Fawzy discovered that the college had a Palestinian American Organization, but it was more a cultural group than a political one. "I didn't think it was advancing the Palestinian cause," she says. So last year, she decided to revamp the club as a part of Students for Justice in Palestine, a group with 75 chapters across the country. In Boca, Fawzy found about 20 dedicated supporters. She says there are more Jewish members of the club than Palestinian ones.
The three leaders of the club — Fawzy, Aleksinko, and Schneider — vehemently deny that they want Israel to cease to exist.
"We're pro-Israel," Schneider says. "It's just the Israeli government and what they're doing to the Palestinians."
"We all believe in a just solution for Israelis and Palestinians," Fawzy adds. "We all believe in the Palestinian refugees' right of return." (To many pro-Israel advocates, the right of return implies an end to the Jewish state. If millions of displaced Palestinians return to the country, they could outnumber the Jews there.)
Fawzy envisions a one-state solution in which people would live together freely, regardless of race, ethnicity, religion, or nationality. "Everyone is equal," she says. "There's no occupation."
In September, the group held a rally to support Palestinian self-determination. In late February, for Palestine Awareness Week, it erected a replica of what it called the "apartheid wall" — the security wall erected by the Israeli government to separate Israel from the West Bank.
And this spring, it heard about Palestinian clubs at Harvard, Yale, and Tufts universities having demonstrated by posting mock eviction notices on students' dorm rooms to raise awareness about the plight of Palestinians living in the occupied territories outside Israel. Group leaders decided to copy the idea.
So they whipped up the fliers, which looked liked eviction notices but also had some explanatory text.

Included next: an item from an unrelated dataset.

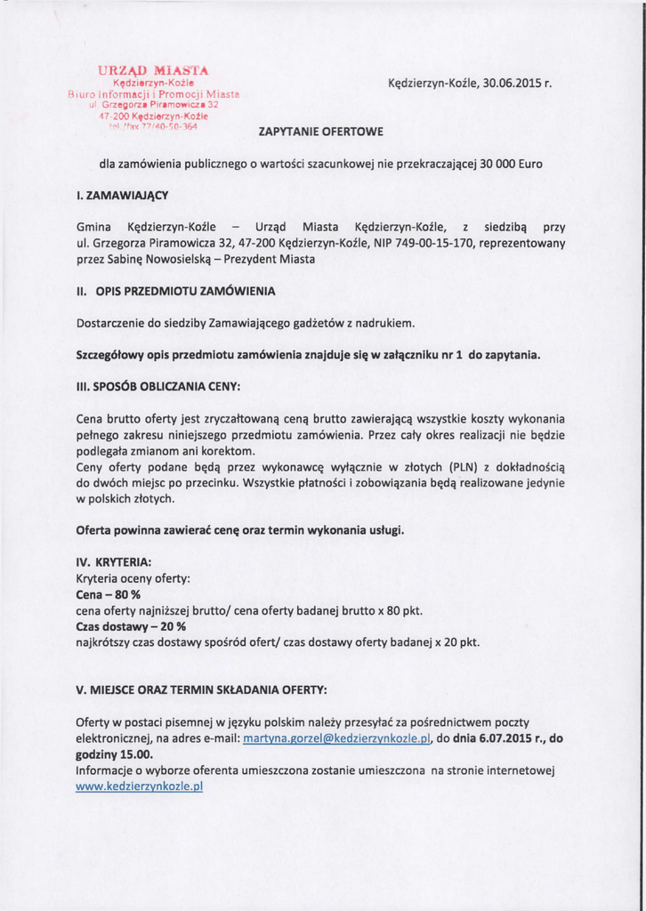 2015.06.30-zapytanie ofertowe-Dostarczenie do - Kędzierzyn

They read: "The Israeli Committee Against House Demolitions reports about 25,000 homes have been destroyed by Israeli military forces since the Occupation of Palestine began in 1967." They quoted Sarah Leah Whitson, Middle East director of Human Rights Watch: "The Israeli government is depriving Palestinians of the right to live in their own homes."

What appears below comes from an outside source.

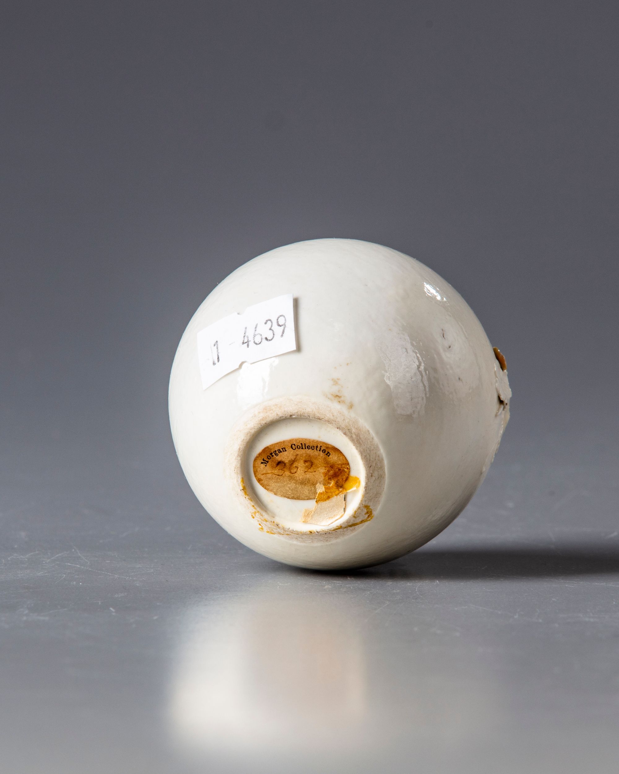 The finely potted globular vessel is decorated with and applique design to the upper body of squirrels clambering upon leafy grape vines.

The fliers also included a reference to Rachel Corrie, a 23-year-old American activist who was killed in 2003 while she acted as a "human shield" and stood in the way of a bulldozer that was demolishing a Palestinian home in the Gaza Strip. The Israeli government has insisted her death was an accident, that the driver of the bulldozer could not see her. The eviction notice described Corrie's death but not Israel's explanation of it.

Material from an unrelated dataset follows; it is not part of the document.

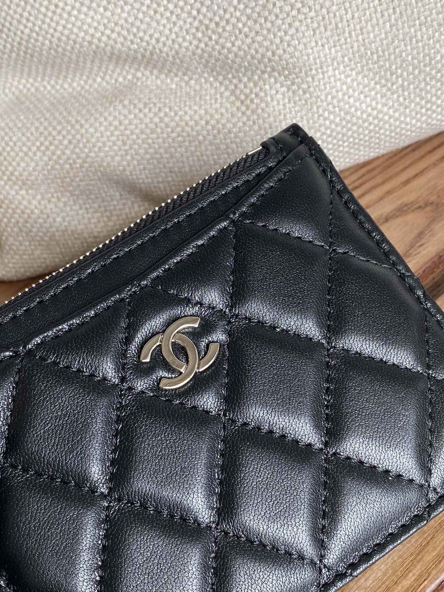 CC A84105 Coin Case Black Sliver Metal Lamskin 240725

The students had Artie Jamison, associate director for residential life at FAU, approve the fliers. (Jamison confirmed that she approved them but would not comment further for this article.) And on March 30, they walked up and down the halls of three dorms, spending about three hours posting 200 eviction notices on doors — randomly, they insist.
That evening, Rayna Exelbierd returned from a campus Shabbat service to find the eviction notice on her dorm-room door. A friend ripped it down. Exelbierd scanned the hallway. She didn't see any other fliers on neighboring doors. "I felt targeted," she says.
For Exelbierd, the far-off conflict in the Middle East is deeply personal. The 20-year-old has attended pro-Israel summer camps most of her life. She has visited Israel four times. After graduating high school, she spent a "gap year" there on a program run by the Zionist youth group Young Judaea. She returned again this December on a trip run by the right-leaning Zionist Organization of America. This was no tourist jaunt. Exelbierd says she dated a general in the Israeli Defense Forces. She met Jewish settlers who were evicted from homes they built in Palestinian territories "for reasons of peace and security," Exelbierd says. The Israeli government and the Obama administration have criticized settlers for thwarting the peace process, yet Exelbierd considers them heroes.